The R Book
This book was for my son and it was just what he wanted. He was very happy with it!
It's about time...
It's about time that software like R became available and popular, it is clearly the way to go. I've been learning it on my own for a few months now with the help of about a dozen online .pdf file manuals, and sometimes using the Nabble forum for R. I finally broke down and bought this book, and wish I would've bought it in the beginning. If I were to write a book on this subject, this is pretty much exactly what I would do...except I'd like to see a companion volume that explores the numerous packages, maybe with an emphasis on Bayesian methods, such as in the packages arm, boa, coda, MCMCpack, MNP, R2WinBUGS, etc., but hey, that's me.
If you've had it with other software that doesn't let you do everything you'd like to do, then I highly recommend R, and The R Book for starters.
Worth the money
This is a good book, if you are a lousy programmer and just want something to get you started in R. And that was me a couple of months ago.The style is conversational, the exposition patient. That's just what you need if you have been put off by the on-line documentation.
In its overall architecture, the book is a bit scatty. It spends a little too much time on statistical theory and, as other reviewers have said, not enough on the more advanced programming features of R.
But if you just want something to help you take those first few steps, you really can't go wrong with this, and it will remain a great reference for the basic functionality. Expect that at some stage will have to supplement this with material that iscloser to your specific interests, and you won't be disappointed.
Throurough and insightful.
This book is an excellent introduction to the R language and the statistical theory underlying it. It requires some patience as there is a considerable deal of repetition (the exercises are all very similar but gradually increase in complexity as one progresses from two way anova to generalized additive models and more). Also there are a few small errors (I did not mind these as they helped me realized that I was still concentrating) - the book could have used a keen editorial eye. Am very happy with my purchase.
Good content, disorganized presentation
Given the length of this book, and the list of contents covered, I had the highest expectations about it.
After spending 2 intensive months reading it, I have mixed feelings. Positive points are the large number of statistical models and methods described. The R examples are useful to follow the explanations, and the writing style is comprehensive. I agree with some reviewers in that the linear models section (Chaps. 9-19) is the most useful one. The last Chapter also presents useful tricks for dealing with graphs in R.
Unfortunately, I have 2 important complaints. The first one is about the presentation of contents: simply CHAOTIC. The author systematically abuses of cross-references. You will find sentences like "here we present an example of [method XX] that will be introduced on page XXX" throughout the entire book. This is disappointing, since it forces the reader to constantly move back and forth, looking for the relevant info. There is no point in presenting an example based on a method that you haven't introduced yet. Examples should be autonomous, and not frequently taken from previous data sets "already used in page YYY".

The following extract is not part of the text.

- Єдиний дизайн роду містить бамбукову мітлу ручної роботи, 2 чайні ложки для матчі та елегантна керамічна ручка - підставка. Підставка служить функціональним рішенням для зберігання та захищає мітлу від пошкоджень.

The second complaint derives from the previous one. The book is hard to use as both a reference manual and a companion for undergraduate or graduate students. Disregarding the comments from the author, if you don't have a solid theoretical background in statistical inference, regression analysis and linear models, you won't get very much benefit of this book. The author completely lacks of a rigorous, structured method for presenting new concepts. Even worse, important definitions and concepts are usually hidden in between of examples that has nothing to do with them.

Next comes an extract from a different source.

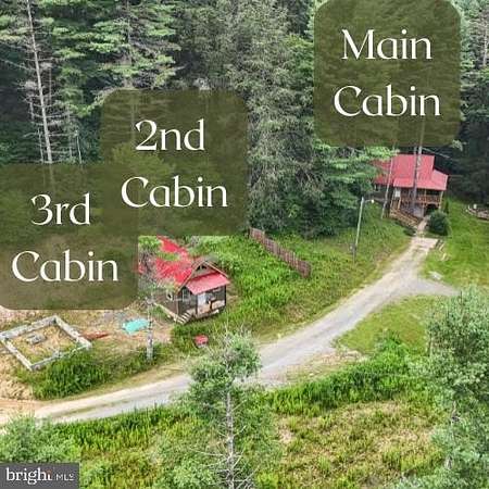 Est $1,899/moPRICE IMPROVED - MOTIVATED SELLER! Mountain retreat on 5.37 acres with panoramic views. Log cabin currently operating as a B&B offers rustic charm, open layout, abundant natural light, and a spacious porch. Second cabin ready to be finished, foundation in place for a third, plus a cleared build site at the top. Ideal for family compound, rental investment, or private getaway. Minutes to Snowshoe Resort and Cass Scenic Railroad. Rare opportunity with room to grow.

In summary, if you already have a good theoretical background in statistics, this could be a useful add-on to your bookshelf (though be ready to spend a lot of side tags to map important concepts for later).
If you're looking for a introductory book with R, Springer has just published a second, expanded edition of the classic book by Dalgaard. If you're looking for a definitive reference manual of statistical methods illustrated with R, you will have to wait for something else, or look for specific titles (Like Faraway's "Linear Models with R"). For Ph.D. students looking for a comprehensive an up-to-date book on statistics with R, to improve their skills quickly, I still recommend the second edition of "Data Analysis and Graphics Using R", by Maindonald and Brown.